[[ DATASET EXTRACT open ]]
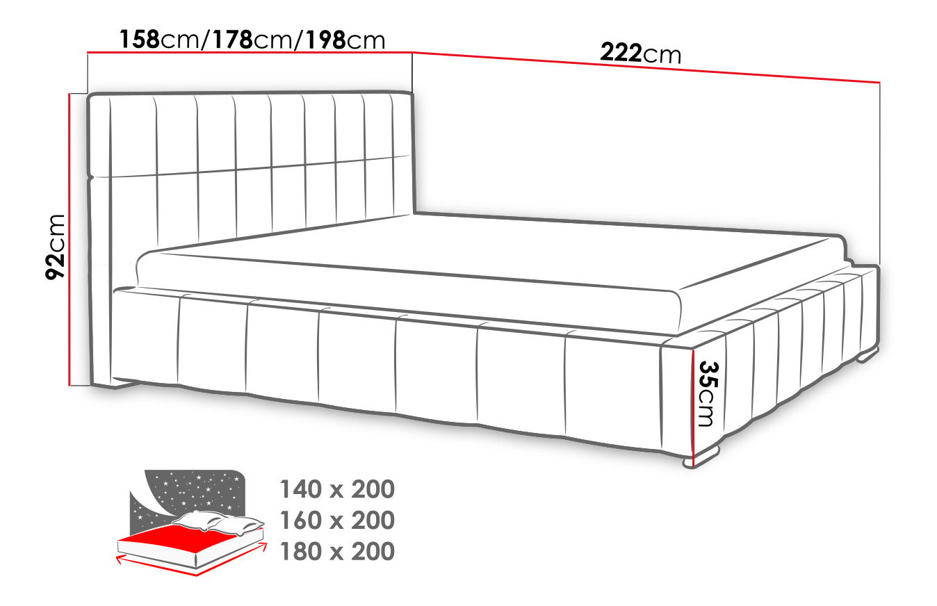 Pat tapițat cu sp. depozitare Mikael (160x200) (Rico 1)
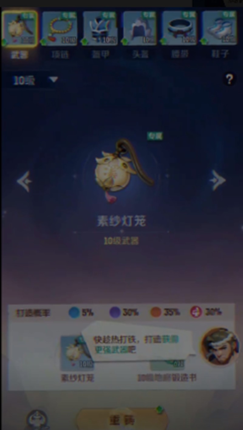 在设备创建界面中,玩家可以选择要创建的设备类型。例如,10级武器普通纱线灯笼将在建造之前显示设备质量不同的输出概率。在施工过程中,您应该注意收集足够的材料。材料的质量越高,创建高质量设备的机会就越大。
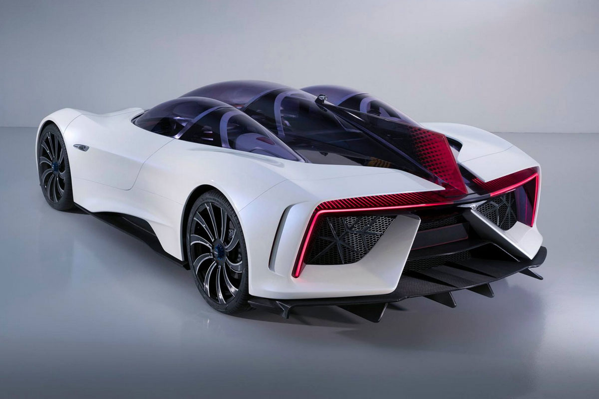 Das Design des Ren – und zwar innen wie außen – wurde vom Flugzeugbau inspiriert, die Karosserie besteht komplett aus Carbon. So soll das Kampfgewicht auf 1.700 Kg gedrückt werden. Was? 1,7 Tonnen sind immer noch viel? Das stimmt, aber im Verhältnis zur verwendeten Technik, relativiert sich das auch wieder. Denn im Heck des Ren arbeiten bis zu drei Turbinen, die bei optimaler Energieausbeute den Strom für die bis zu sechs (!!!) Elektromotoren im Ren produzieren. Zwei Motoren treiben die Vorderachse an, vier weitere kümmern sich um die Hinterachse. In der Summe sollen so 1.303 PS bzw. 2.340 Nm Drehmoment anliegen. Diese Power soll für eine Beschleunigung von 2,5 Sekunden auf Tempo 100 sorgen, der Einsatz der Turbinen soll eine Reichweite von bis zu 1.200 Km ermöglichen.
[[ DATASET EXTRACT closed ]]
*DESCRIPTION OF THE TASK*:
Print out the material verbatim, skipping pictures.

*WRITTEN SOLUTION*:
 Pat tapițat cu sp. depozitare Mikael (160x200) (Rico 1)
 在设备创建界面中,玩家可以选择要创建的设备类型。例如,10级武器普通纱线灯笼将在建造之前显示设备质量不同的输出概率。在施工过程中,您应该注意收集足够的材料。材料的质量越高,创建高质量设备的机会就越大。
 Das Design des Ren – und zwar innen wie außen – wurde vom Flugzeugbau inspiriert, die Karosserie besteht komplett aus Carbon. So soll das Kampfgewicht auf 1.700 Kg gedrückt werden. Was? 1,7 Tonnen sind immer noch viel? Das stimmt, aber im Verhältnis zur verwendeten Technik, relativiert sich das auch wieder. Denn im Heck des Ren arbeiten bis zu drei Turbinen, die bei optimaler Energieausbeute den Strom für die bis zu sechs (!!!) Elektromotoren im Ren produzieren. Zwei Motoren treiben die Vorderachse an, vier weitere kümmern sich um die Hinterachse. In der Summe sollen so 1.303 PS bzw. 2.340 Nm Drehmoment anliegen. Diese Power soll für eine Beschleunigung von 2,5 Sekunden auf Tempo 100 sorgen, der Einsatz der Turbinen soll eine Reichweite von bis zu 1.200 Km ermöglichen.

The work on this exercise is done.